ACTION ITEM: Would you write out the full listing exactly, without any pictures?

INPUT DATA:
━━━━━━━━━━━━━━━━
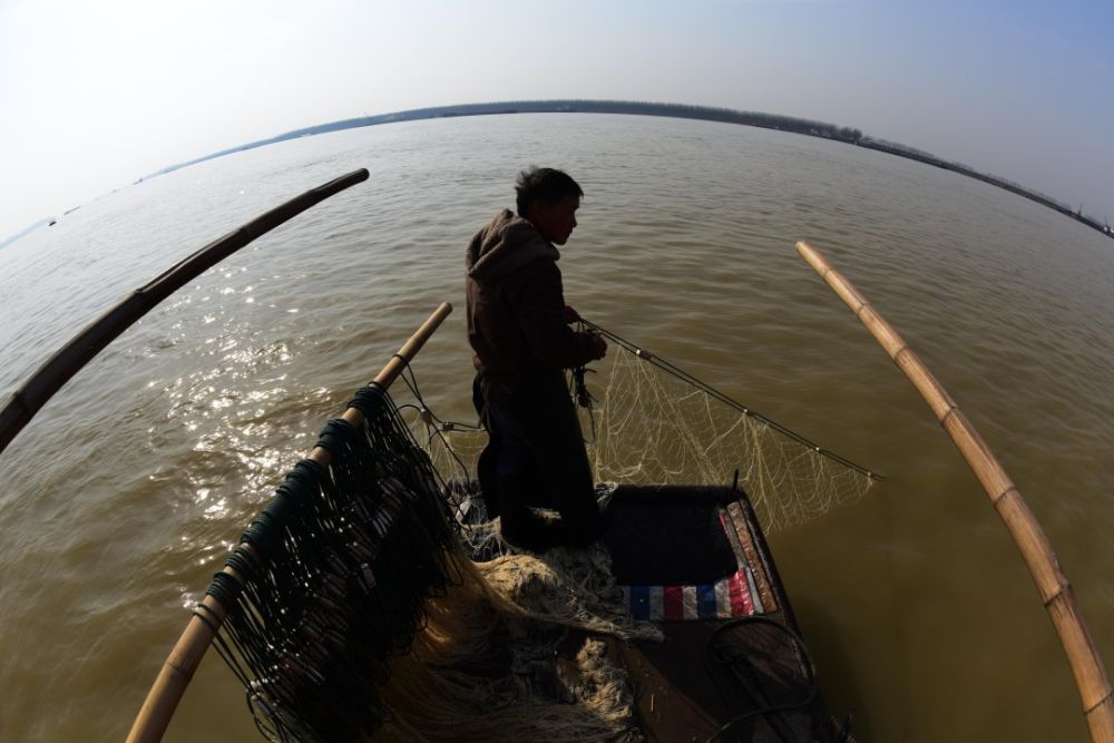 2016年长江禁渔期提前于3月1日开始,持续4个月时间。渔民们抓紧年后短短的捕捞期开工作业,尽管每日出船劳作10多个小时,但难有收获,经常是空网上岸。(2016年2月18日,新华社记者 程敏 摄)
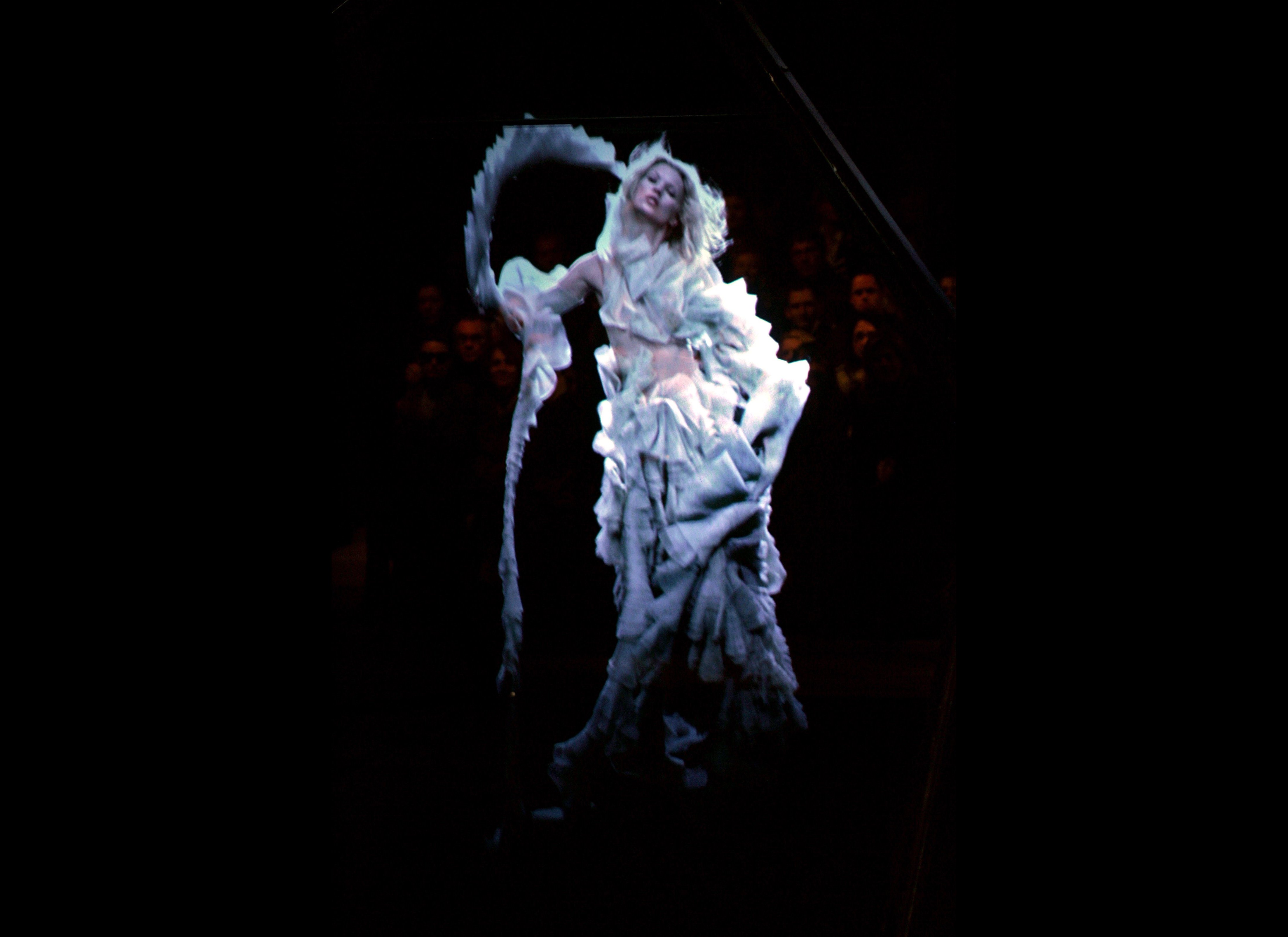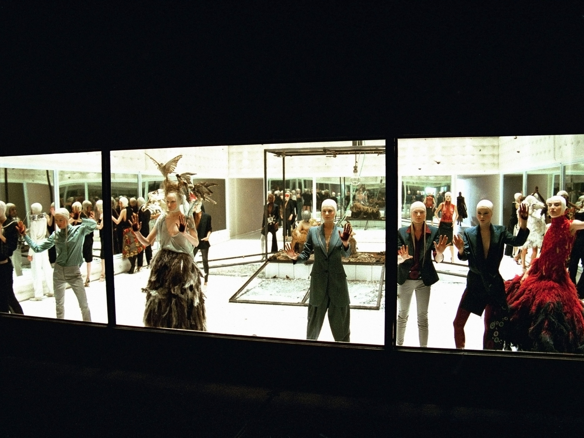 McQueen's most celebrated and dramatic catwalk show was his 2001 Spring/Summer collection, named VOSS. The centre piece tableau that dominated the room was an enormous glass box. But because the room outside the box was lit and the inside of the box was unlit, the glass walls appeared as large mirrors, so that the seated audience saw only their own reflection. Finally, after an hour, and when the show began, lights came on inside the enormous glass case and revealed the interior to be filled with moths and, at the centre, a naked model on a chaise longue with her face obscured by a gas mask. The glass walls then fell away and smashed on the ground.
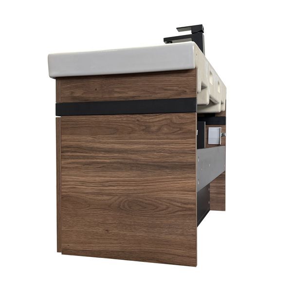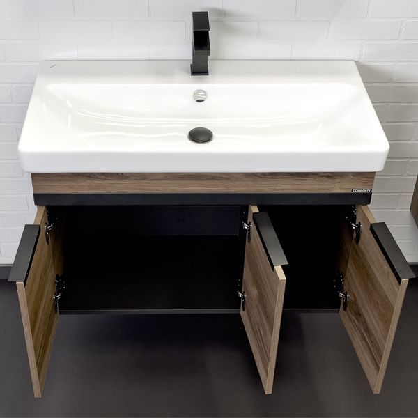 Подвесная тумба-умывальник с широкой прямоугольной чашей. Для сохранения геометрических размеров конструкция тумбы усилена металлической рамой окрашенной в цвет черный муар. Створки оборудованы петлями с механизмами плавного закрывания.
━━━━━━━━━━━━━━━━
WORKED SOLUTION:
 2016年长江禁渔期提前于3月1日开始,持续4个月时间。渔民们抓紧年后短短的捕捞期开工作业,尽管每日出船劳作10多个小时,但难有收获,经常是空网上岸。(2016年2月18日,新华社记者 程敏 摄)
 McQueen's most celebrated and dramatic catwalk show was his 2001 Spring/Summer collection, named VOSS. The centre piece tableau that dominated the room was an enormous glass box. But because the room outside the box was lit and the inside of the box was unlit, the glass walls appeared as large mirrors, so that the seated audience saw only their own reflection. Finally, after an hour, and when the show began, lights came on inside the enormous glass case and revealed the interior to be filled with moths and, at the centre, a naked model on a chaise longue with her face obscured by a gas mask. The glass walls then fell away and smashed on the ground.
 Подвесная тумба-умывальник с широкой прямоугольной чашей. Для сохранения геометрических размеров конструкция тумбы усилена металлической рамой окрашенной в цвет черный муар. Створки оборудованы петлями с механизмами плавного закрывания.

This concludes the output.